Le Vitosha Bistritsa est un club à part, puisqu’il compte parmi ses licenciés l’actuel Premier ministre, Boïko Borissov...58 ans. En 2013, Borissov était entré dans l’histoire sportive bulgare en devenant l’homme le plus âgé à disputer un match de football professionnel dans le pays. Le Vitosha bataillait alors en deuxième division et ce caprice de tsar de l’ancien garde du corps du Roi de Bulgarie, alors âgé de 54 ans, avait fait grand bruit. Tout comme les penalties qu’il ratait et que l’arbitre lui donnait à retirer, prétextant l’entrée dans la surface d’un joueur adverse avant le tir, ou les adversaires qui s’arrêtaient de jouer lorsqu’il progressait balle au pied. Si le chef d’état bulgare évolue dorénavant avec les vétérans du Vitosha, le club fait toujours parler de lui. Et plutôt pour mauvaises raisons.

Promu cette année en Parva Liga, première division bulgare, après avoir terminé troisième de la Vtora Liga, deuxième échelon du football du territoire de l’ancienne Thrace, et avoir écarté le PFK Neftochimic Burgas en barrage d’accession (0-1), le Vitosha Bistritsa a réalisé une première partie de saison très compliquée, enchaînant 15 défaites et 5 matches nuls lors des 20 premières journées ! A la trêve, le club situé à 15km au sud de Sofia, qui compte la pire défense du championnat (44 buts encaissés), mais également la moins bonne attaque (10 buts marqués), compte (déjà) 43 points de moins que le leader Ludogorets (48 points). La reprise, prévue le 17 février prochain, permettra peut-être au 14e du championnat bulgare d’enfin trouver le chemin de la victoire...

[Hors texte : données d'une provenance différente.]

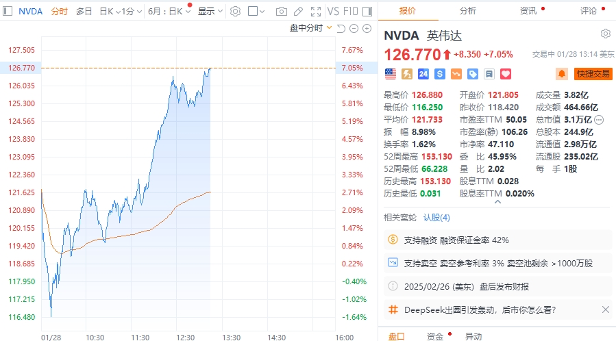 财联社1月29日电,英伟达涨幅扩大至7%,报126.77美元/股。
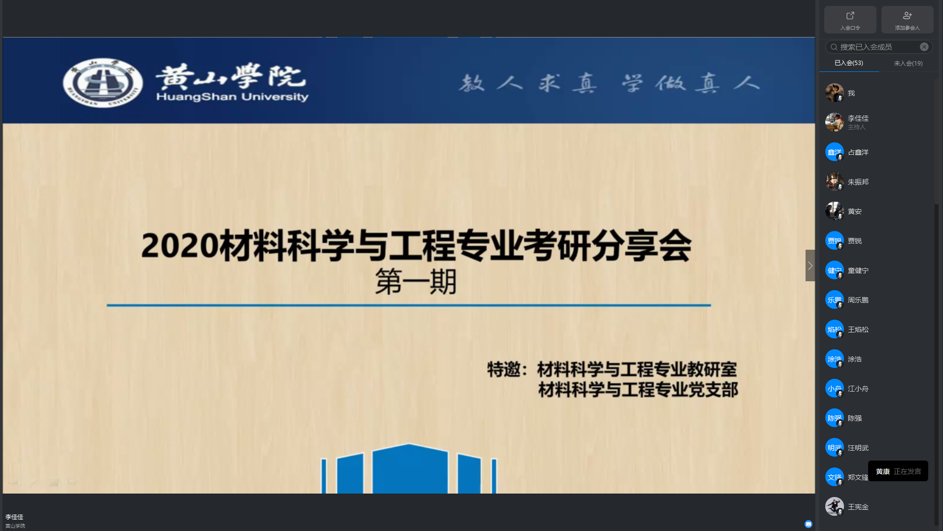 本次活动通过钉钉视频会议进行面对面经验交流,首先老师们从专业的角度分析了未来就业趋势,结合疫情带来的就业压力以及本专业的特点进一步阐述该专业考研的必要性。随后6名优秀考研员工代表分别从自身考研经历出发,从备考前到上岸后的历程通过故事的形式分享给学弟学妹;其中每位员工的分享反复说到一个词:“坚持”。会上,辅导员李佳佳对2020届材料科学与工程专业员工给予充分肯定,并特别感谢章鏴老师对16级、17级员工的倾情付出,最后强调在考研的路上一定要先确定好方向,有了方向速度才有意义。
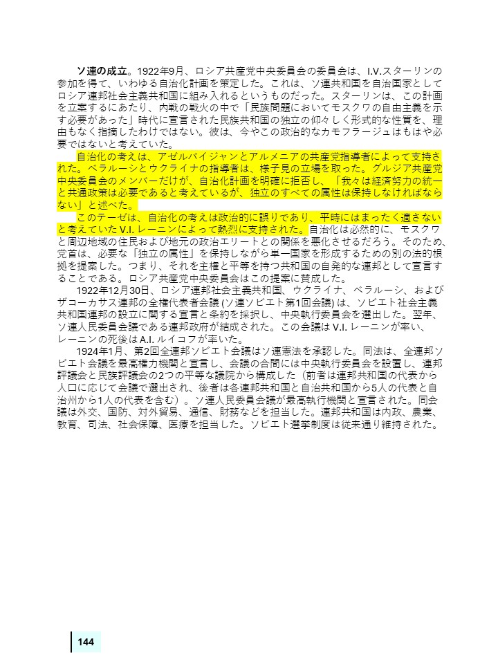 - 「レーニンの「連邦化」方式は、ずっと後になって明らかになるが、将来ソ連が崩壊する方式となる」

Saint-Marin : Murata (11 défaites, 4 buts pour, 30 buts contre)

Troisième plus petit État d’Europe après le Vatican et Monaco, plus ancienne république au monde avec un système constitutionnel qui remonte au XVIe siècle, Saint-Marin est installé dans la région italienne des Marches. Le Campionato Sammarinese regroupe 15 équipes, séparées en deux groupes de 7 et 8. Reversé dans le groupe B, le SS Murata a concédé 11 défaites sur ses 11 premiers matches de la saison, encaissant 30 buts et ne parvenant à en inscrire que 4. Les temps changent.

Fondé en 1966, le SS Murata a remporté son premier titre national en 2006, puis réédité cette performance en 2007. Murata fut le premier club saint-marinais à prendre part à la Ligue des champions. Le club saint-marinais avait fait parler de lui en juillet 2007, il y a dix ans déjà, lorsque dans le but de renforcer l’équipe première, il avait fait signer le Brésilien champion du monde 1994 âgé alors de 41 ans, Aldair. Le club approcha même en juillet 2008 le Brésilien Romário et le champion de Formule 1 Michael Schumacher. Mais tous deux déclinèrent la proposition. A la reprise, le 13 janvier, les pensionnaires du SS Murata chercheront à décrocher leur premier point, face à San Giovanni, dernier du groupe A, qui compte deux victoires.